Kinhult got right down to work, starting his season two weeks after the dust had settled in Oman with a T27 finish at the Hong Kong Open in November. He worked his way into eighth place after posting three rounds in the sixties but unfortunately stumbled to a final round 73.

However, he bounced back with some solid performances in the early stages of the 2018 season with three top-16 finishes in succession, including a third-place finish at the Commercial Bank Qatar Masters which saw him earn over 100,000 Race to Dubai points.

He collected another big haul of points for a share of 12th place in his debut at the prestigious BMW PGA Championship at Wentworth and then a fifth place finish at the Open de France – another Rolex Series event – propelled him further up the rankings.

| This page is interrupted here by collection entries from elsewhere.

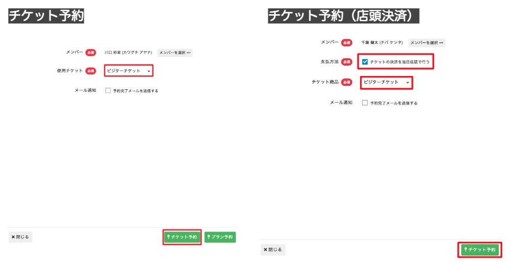 [支払方法]の[チケットの決済を当日店頭で行う]にチェックを入れると、チケットを所持していなくてもチケット予約が可能です。
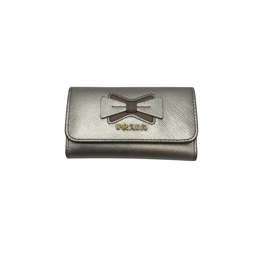 PRADA SAFFIANO LEATHER BOW KEY HOLDER LUXE WALLET GOLD
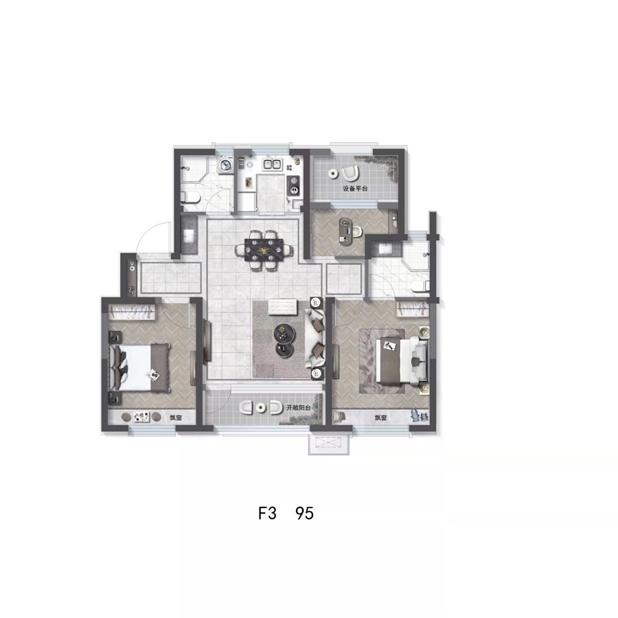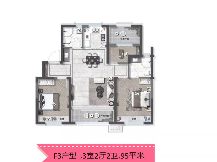 3室2厅2卫-F3户型 ,3室2厅2卫,95平米
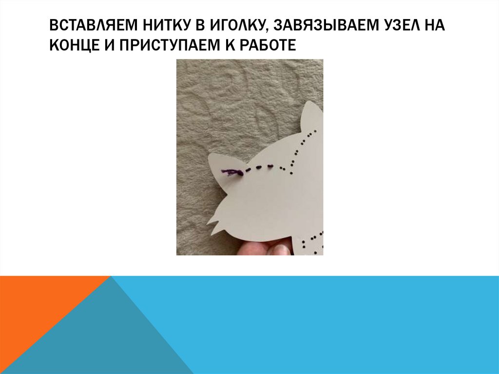 ВСТАВЛЯЕМ НИТКУ В ИГОЛКУ, ЗАВЯЗЫВАЕМ УЗЕЛ НАКОНЦЕ И ПРИСТУПАЕМ К РАБОТЕ
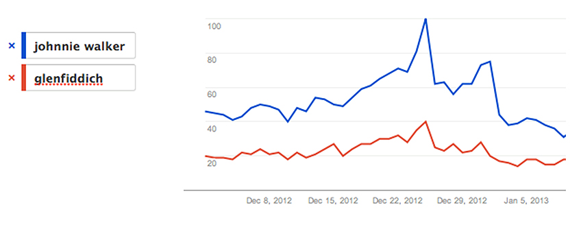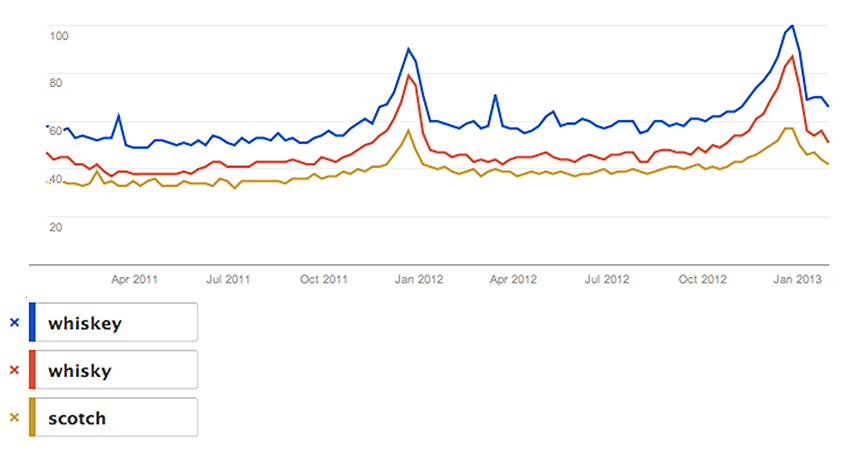 Figure 1: Folks do a lot of research around all kinds of whiskies leading up to the holiday season.
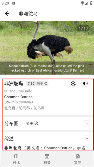 可以在详情页面查看这只鸟的名称、所属分类以及综述等信息,从而了解它的相关内容。
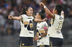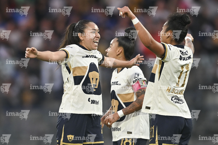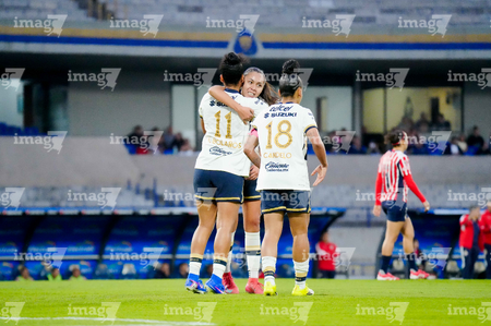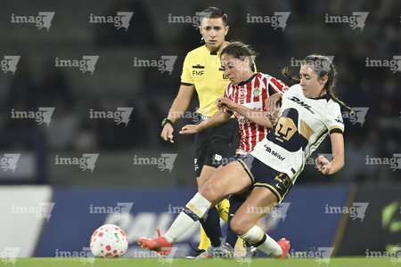 Ciudad de México, 9 de febrero de 2026. Ariatna Dorantes, Damaris Godínez y Paola Chavero, durante el partido correspondiente a la jornada 8 del torneo Clausura 2026 de la Liga BBVA MX Femenil, entre las Pumas de la UNAM y las Chivas Rayadas del Guadalajara, realizado en el estadio Olímpico Universitario. Foto: Imago7/Etzel Espinosa
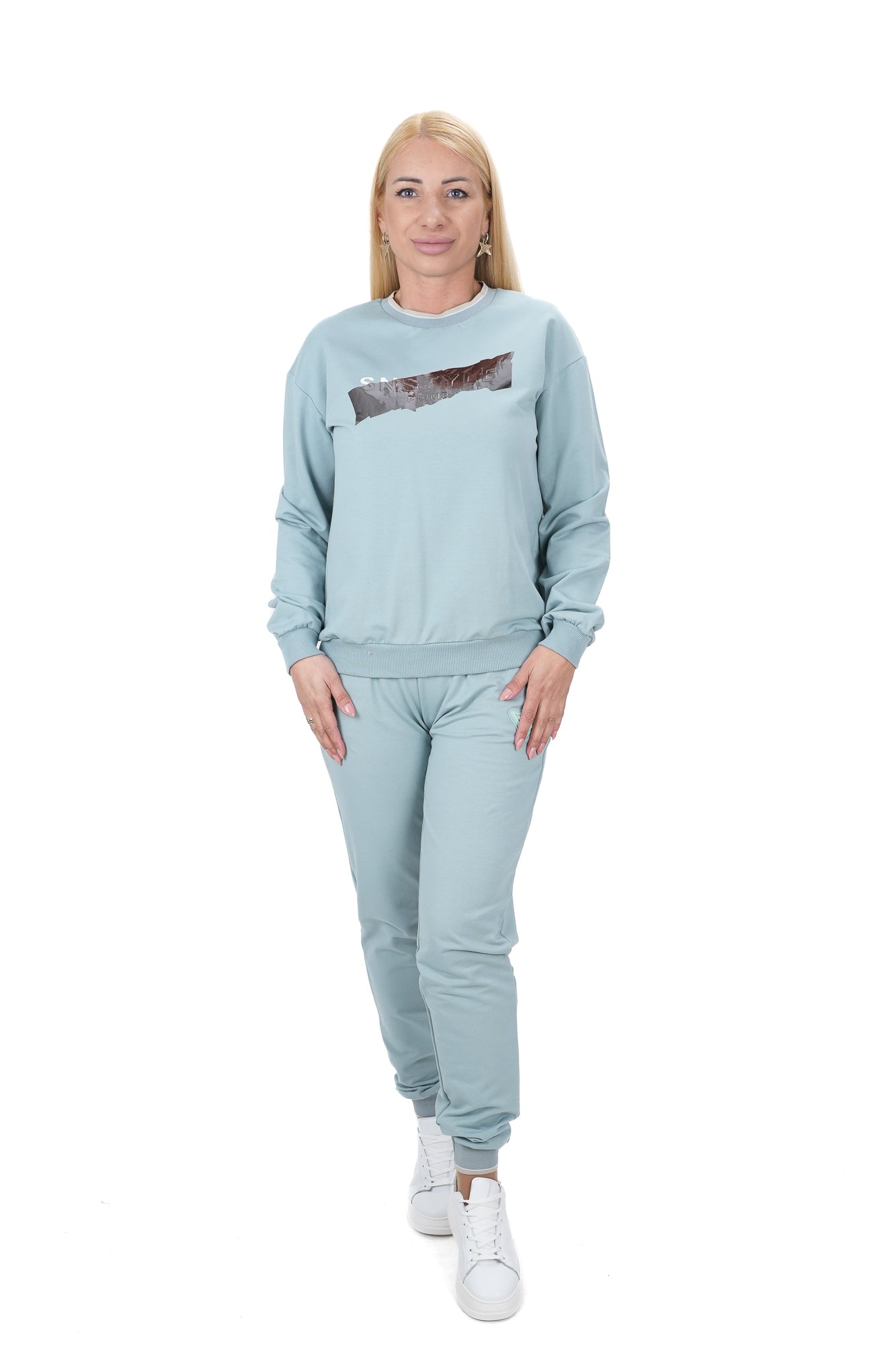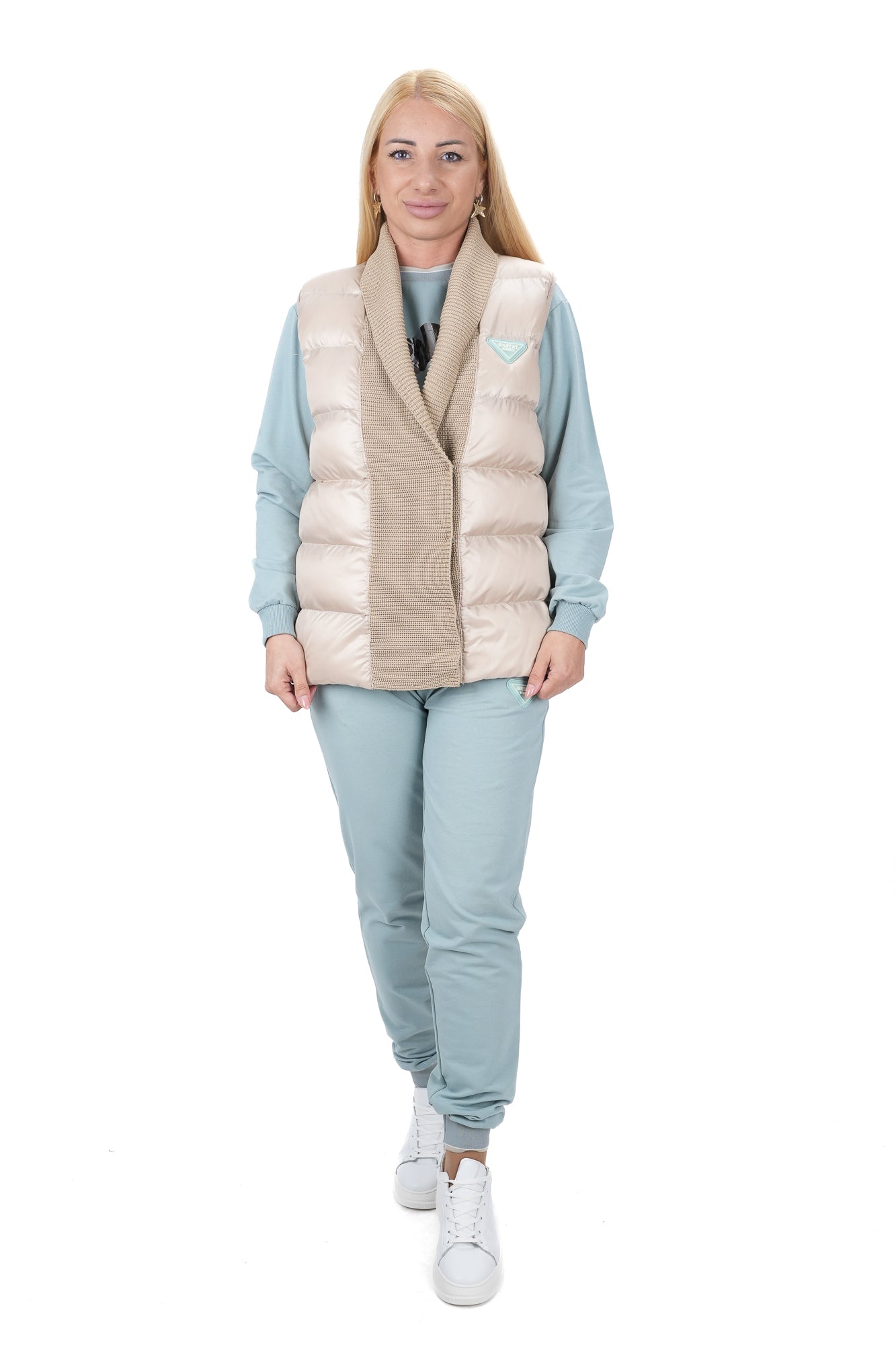 Дамски комплект от 3 части спортен с блуза и панталон в цвят мента и елек в бежово 3577-78

He capped a fine first full campaign on the European Tour with a share of 22nd at the DP World Tour Championship at Jumeirah Golf Estates to end the season 49th in the Race to Dubai standings.

Despite feeling ready to kick on, he started 2019 sluggishly, making just two cuts before he teed it up at Hillside Golf Club on the Lancashire coast, and once he got the flat stick rolling on the Southport Links he came into his own and stared down Wallace to join the long list of Swedish success stories on the European Tour.

From July onwards he found his consistency and didn’t miss a cut from then until the end of the season – when he finished with a flourish, narrowly missing out on a first Rolex Series title at the Nedbank Golf Challenge hosted by Gary Player, after losing out to a superb up-and-down by Tommy Fleetwood in the play-off.

Kinhult’s last start on Tour was at the Qatar Masters in March – the last event before the lockdown – and he’ll be hoping his share of seventh place is a sign of things to come as he defends his Betfred British Masters title this week.